Ozlem Tureci and Ugur Sahin, who shed a bright light over billions of people across the world by developing Pfizer/BioNTech vaccine, are named the People of the Year by British daily the Financial Times.
“By developing a Covid vaccine in less than a year, the couple achieved a remarkable scientific and business success,” the FT said in an article on Wednesday.
“We were nervous,” Dr Sahin was quoted by the daily.
“It is different when people are vaccinated for the first time outside a trial, in the real world setting,” Sahin told the FT.
The pharmaceutical company BioNTech, which Dr. Ugur Sahin and his wife Dr. Ozlem Tureci, founded in 2008, managed to develop an experimental vaccine together with its American partner Pfizer.
Sahin, who is BioNTech’s CEO, announced positive results from the Phase 3 trials and expressed hope that their efforts would help bring an end to the global health crisis.

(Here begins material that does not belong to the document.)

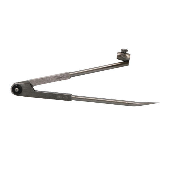 Compas à charnière 1/4 de cercle équipé d'un porte-crayon Ø crayon 8 mm maximum. Longueur : 220 mm Ouverture maxi : 220 mm

Since the first announcement, which said the jab provided 90% protection against COVID-19, the rate has increased to 95%.
“As creators of the first vaccine to win approval by two of the world’s most credible regulators, however, the FT’s award has gone to Dr Sahin and Dr Tureci,” the FT said.
“They are the symbol of a remarkable scientific and business success story.”
The success of Sahin and Tureci, renowned scientists in the field of oncology and immunology in Germany, made headlines after the announcement both in local and international media outlets.
“The German couple behind the vaccine are an immigrant success story,” British daily The Telegraph reported, highlighting that both scientists were from Germany’s three-million-strong Turkish community.
The German daily Der Tagesspiegel used the headline “How children of immigrants became multi-billionaires: The couple behind the corona-vaccine” while reporting their achievements and described this as an example of successful integration.
Both Sahin and Tureci were born to immigrant parents from Turkey who moved to Germany in the 1960s.
Sahin, who was born in Iskenderun, Turkey, in 1965, arrived in Germany as a 4-year-old, where his father worked in a car factory. He studied medicine at the University of Cologne and worked several years at Saarland University Medical Center.
Tureci is the daughter of a Turkish physician who emigrated to Germany from Istanbul. She studied medicine at the Saarland University Faculty of Medicine and become a pioneer in cancer immunotherapy in Germany.